### Dataset excerpt
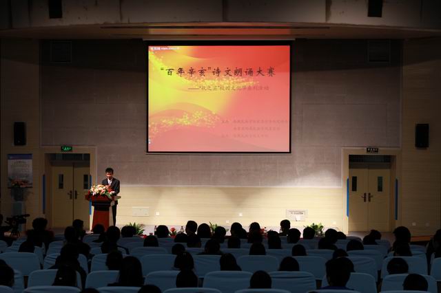 2011年11月7日晚19:00,西藏民族学院“秋之实”校园文化节系列活动之“百年辛亥”诗文朗诵大赛在学术报告厅举行。本次比赛由西藏民族学院党委精神文明办公室(宣传部)、共青团西藏民族学院委员会主办,西藏民族学院文学院承办。出席活动的领导和嘉宾有:西藏民族学院党委常委、副院长池万兴教授,西藏民族学院党委宣传部副部长、文明办主任丁小丽老师,西藏民族学院团委副书记陈敦山副教授,以及各二级学院党总支书记、副书记和团干、辅导员。担任本次比赛的评委老师有:教务处处长李波教授,文学院院长袁书会教授,新闻传播学院王彪老师,原政法学院教授孔艳霞老师,民族研究院副教授纵瑞彬老师。各二级学院的学生代表共计300余人观看了比赛。
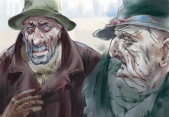 Он показал мне спину — жутко трясущуюся спину — и засеменил прочь. Хоть и скукоженный, он сохранил приличный рост, но был в каких-то поразительных лохмотьях. Одежка на нем висела, болталась, стреноживала ему шаг; однако что-то неясно посверкивало на лодыжке. Я чуть ли не подумал, что это старинное женское белье, которое носили семьдесят лет тому назад. И он был в старинных женских туфлях на высоких тонких каблуках — как колышки такие. Я припустил за ним — хожу я довольно бодро, учитывая мой возраст, — и как следует оглядел его лицо. Кошмарная картина. При нем был красный стек — по-видимому, оголенный дамский зонтик (теперь уже таких приспособлений никто не знает), — и он на меня им замахнулся.
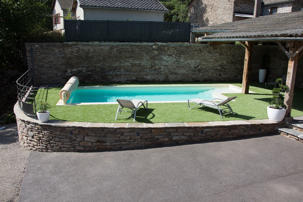 ¡Flechazo garantizado! En el parque regional de los grandes Causses, esta cálida casa de campo para 6 personas (hasta 8 personas) le dará la bienvenida. Amantes de la naturaleza o que necesiten recargar las pilas lejos del ajetreo y el bullicio, ¡están en el lugar indicado! Un lugar propicio para el bienestar con unas vistas maravillosas del valle. ¡Para el máximo relax, una sauna privada! ¡Hay senderos que parten de la casa y, para refrescarse en verano, bañarse en los lagos de Lévezou o en el Tarn es un verdadero placer!
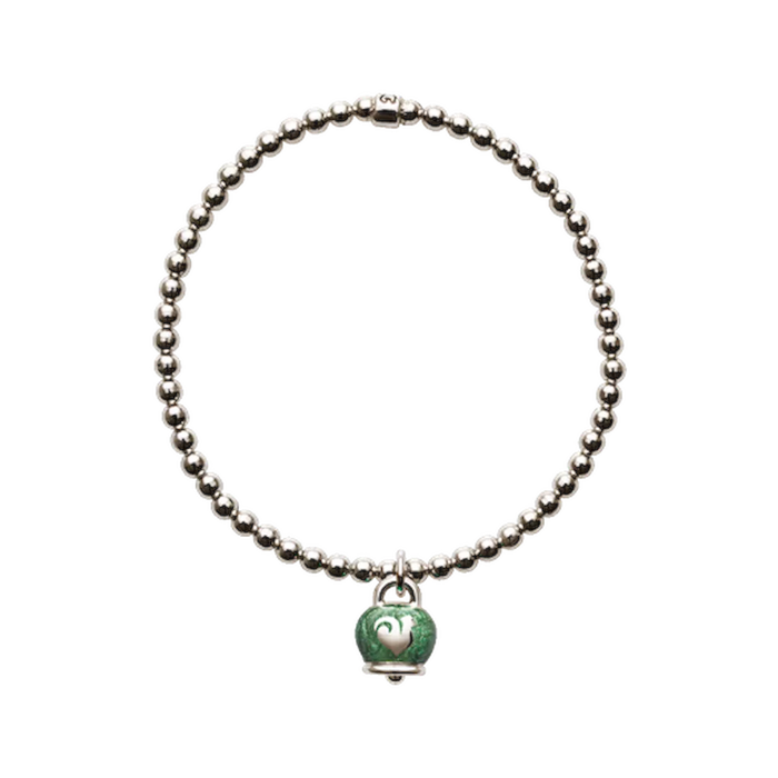 Bracciale elastico in argento con ciondolo campanella micro in argento e smalto verde, biglierina fissa.
######
* Requirement *
Your answer must be an exact copy of the lines above, from the line that contains "Он показал мне" through the final line, with no pictures in it.

* Expected answer *
 Он показал мне спину — жутко трясущуюся спину — и засеменил прочь. Хоть и скукоженный, он сохранил приличный рост, но был в каких-то поразительных лохмотьях. Одежка на нем висела, болталась, стреноживала ему шаг; однако что-то неясно посверкивало на лодыжке. Я чуть ли не подумал, что это старинное женское белье, которое носили семьдесят лет тому назад. И он был в старинных женских туфлях на высоких тонких каблуках — как колышки такие. Я припустил за ним — хожу я довольно бодро, учитывая мой возраст, — и как следует оглядел его лицо. Кошмарная картина. При нем был красный стек — по-видимому, оголенный дамский зонтик (теперь уже таких приспособлений никто не знает), — и он на меня им замахнулся.
 ¡Flechazo garantizado! En el parque regional de los grandes Causses, esta cálida casa de campo para 6 personas (hasta 8 personas) le dará la bienvenida. Amantes de la naturaleza o que necesiten recargar las pilas lejos del ajetreo y el bullicio, ¡están en el lugar indicado! Un lugar propicio para el bienestar con unas vistas maravillosas del valle. ¡Para el máximo relax, una sauna privada! ¡Hay senderos que parten de la casa y, para refrescarse en verano, bañarse en los lagos de Lévezou o en el Tarn es un verdadero placer!
 Bracciale elastico in argento con ciondolo campanella micro in argento e smalto verde, biglierina fissa.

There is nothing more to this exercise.